Затем мы все вернулись на прием в городской дом ее милости вдовствующей герцогини. Мне чрезвычайно понравилась манера новой хозяйки по отношению к гостям, открытая и дружелюбная ко всем сословиям, – но, конечно, его светлость мог выбрать только настоящую леди во всех отношениях. Я не жду от нее никаких неприятностей.
После приема мы тихо вывели жениха и невесту через заднюю дверь, заточив всех газетчиков в маленькой гостиной. А теперь, милая матушка, я должен рассказать Вам…
Мисс Летиция Мартин, декан колледжа Шрусбери, Оксфорд – мисс Джоан Эдвардс, лектору по естественным наукам того же учреждения
Дорогая Тедди!
Ну вот! Наша свадьба прошла – большое событие в истории колледжа! Мисс Лидгейт, мисс де Вайн, крошка Чилперик и твоя покорная были подружками невесты, а ректор выдавала ее замуж. Нет, моя дорогая, мы не напялили одинаковые платья[12]. Я лично думала, что мы более внушительно смотрелись бы в академических мантиях, но невеста сказала, что “бедного Питера” и так будут склонять на все лады в газетах. Поэтому мы просто явились в лучших воскресных нарядах, а я надела свои новые меха. Потребовались наши объединенные усилия, чтобы уложить волосы мисс де Вайн и поддерживать их в порядке.

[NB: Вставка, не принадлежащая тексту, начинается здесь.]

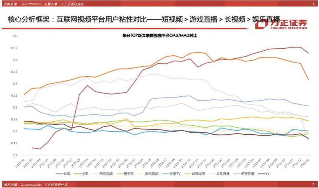 方正证券此前发布的研报显示,2019年6月短视频行业月均使用时长已达22.3小时,18年6月/19年6月使用时长增速分别为537%/60%(社交使用时长同比增速分别为17%/-9%、长视频使用时长同比增速分别为31%/15%),短视频行业借助4G普及红利,有效满足用户碎片化娱乐场景需求,月均使用时长已超手游、在线视频等。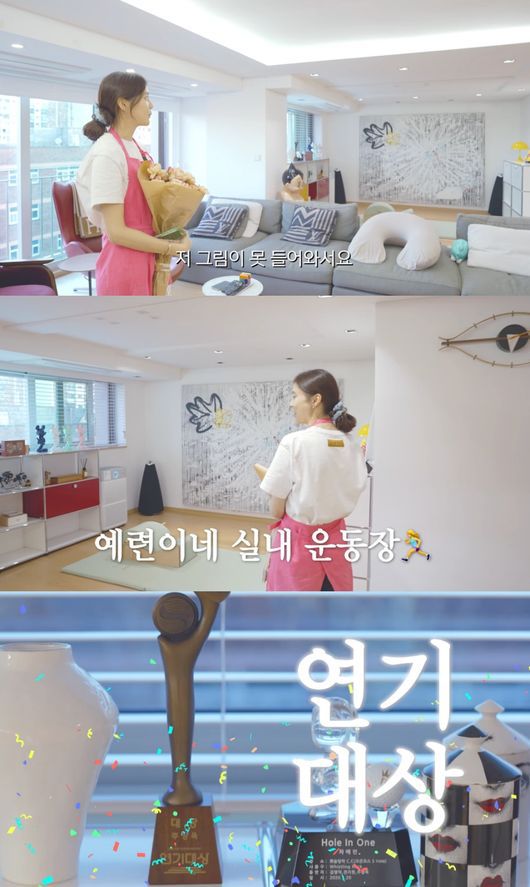 차예련은 널찍한 현관과 그림이 보이는 복도부터 제작진을 맞았다. 꽃다발 선물과 함께 웃으며 인사한 그는 "이전 집에서 4년 반 만에 이사했다"라고 밝혔다.

Там были все Денверы. Вдовствующая герцогиня очаровательна, точь-в-точь маленькая маркиза восемнадцатого века, но нынешняя герцогиня сущая мегера: смотрела на всех волком и держалась так, будто проглотила кочергу. Очень забавно было наблюдать, как она пыталась свысока разговаривать с нашим ректором – но, разумеется, не на ту напала. Тем не менее и у ректора приключился свой конфуз: в ризнице она приблизилась к жениху с протянутой рукой и поздравительной речью, а он ее крепко обнял и поцеловал, и что за речь она заготовила, мы теперь никогда не узнаем! Затем он стал целовать всех нас по кругу (смелый человек!), и мисс Лидгейт так растрогалась, что ответила ему от всей души. После этого за дело взялся шафер (молодой красавчик Сент-Джордж), так что началась целая оргия поцелуев и нам пришлось заново укладывать волосы мисс де Вайн. Жених подарил каждой из подружек изящный хрустальный графин и набор граненых стаканов (для хереса – вот шалун, прости господи!), а ректор получила чек на 250 фунтов для латимеровской стипендии, что, по-моему, очень щедро.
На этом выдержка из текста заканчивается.